■ Prompt: The answer is the first line of the listing and every line after it through the one containing "Golden Goose V-Star", exact, with pictures removed.
========
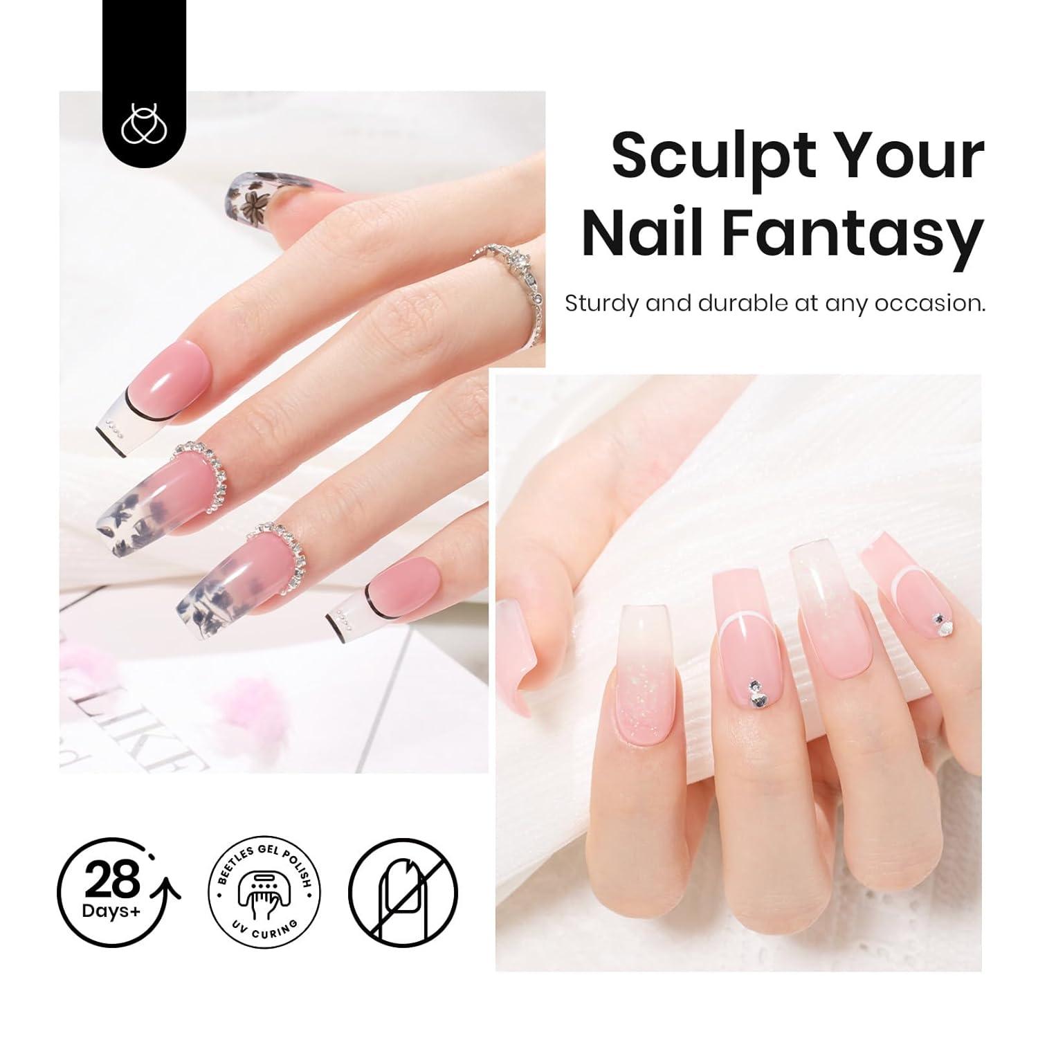 Good Quality: Beetles nail extension gel for nails is strong and flexible, making it easier to control. Natural ingredients are less harmful to nails. Nail extension gel for nails can last up to about one month or even longer with proper nail prep (filing, buffering, and cleaning). For better adhesion, you can also apply nail dehydrator and primer, which can make the nail last much longer.
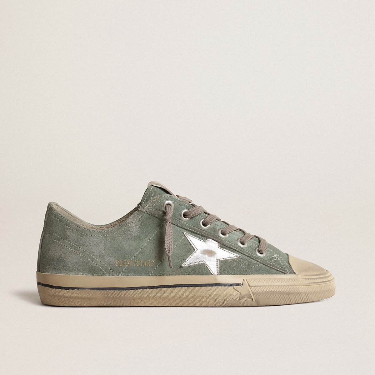 Golden Goose V-Star in pelle scamosciata verde militare con una stella in pelle laminata GMF00129.F004024.35835
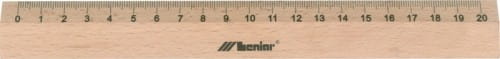 wykonana z polerowanego drewna bukowego, z podziałką w mm, pakowana pojedynczo w blister.
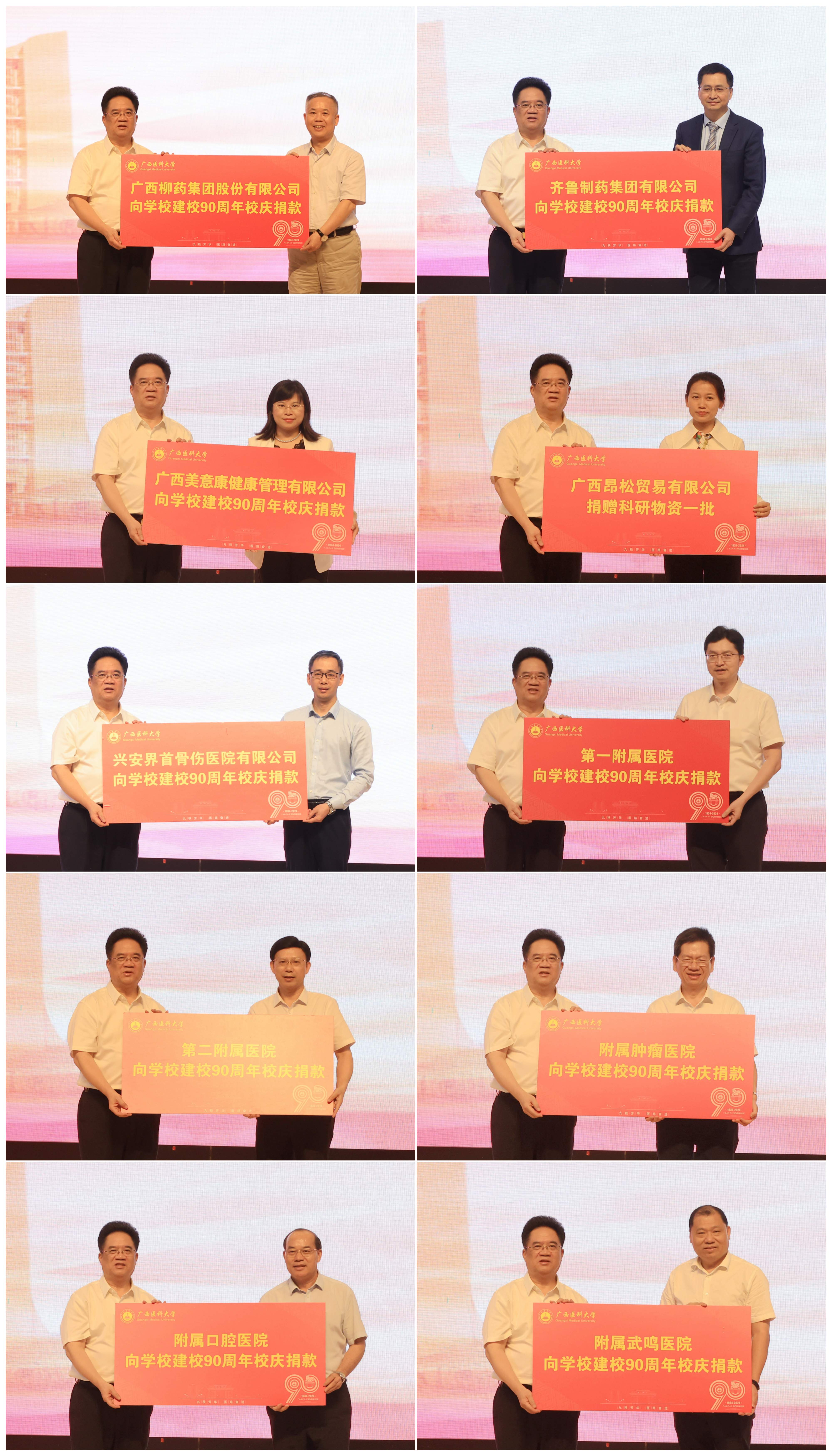 活动上启动了建校90周年校庆捐赠仪式,爱心企业、校友企业和校友、直属附属医院、校领导、非直属医院、各地市校友、学校处级干部共6批集体和个人代表上台捐赠。企业代表齐鲁制药集团副总经理吴刚先生就与学校的人才联合培养、科技创新、产学研用、公共服务等方面取得的良好成果和深厚情谊进行发言。学校创始人、首任校长戈绍龙的侄孙孙戈先生分享了戈绍龙老校长等医大先辈功勋的艰苦办学事迹,并捐赠了一批极有价值的戈老校长的著作、译作。
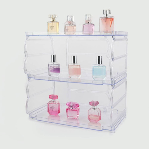 مدلهای دوطبقه و سهطبقه راف اکرولیک به شما کمک میکنند تا فضای عمودی را به بهترین شکل استفاده کنید و لوازم خود را مرتب و در دسترس نگه دارید. طراحی ساده و شفاف آنها باعث میشود با هر نوع دکور و رنگبندی هماهنگ باشند و جلوهای لوکس به محیط بدهند.
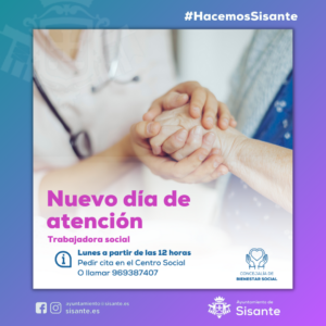 Desde la Concejalía de Bienestar Social del Ayuntamiento de Sisante se informa del cambio de día de la atención de la trabajadora social. Desde la próxima semana, la atención se llevará a cabo todos los
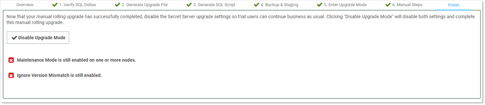 Click the Disable Upgrade Mode button. A Finish Manual Rolling Upgrade popup appears. This popup both disables maintenance mode and disables the ignore version mismatch setting.
========
■ Solution:
 Good Quality: Beetles nail extension gel for nails is strong and flexible, making it easier to control. Natural ingredients are less harmful to nails. Nail extension gel for nails can last up to about one month or even longer with proper nail prep (filing, buffering, and cleaning). For better adhesion, you can also apply nail dehydrator and primer, which can make the nail last much longer.
 Golden Goose V-Star in pelle scamosciata verde militare con una stella in pelle laminata GMF00129.F004024.35835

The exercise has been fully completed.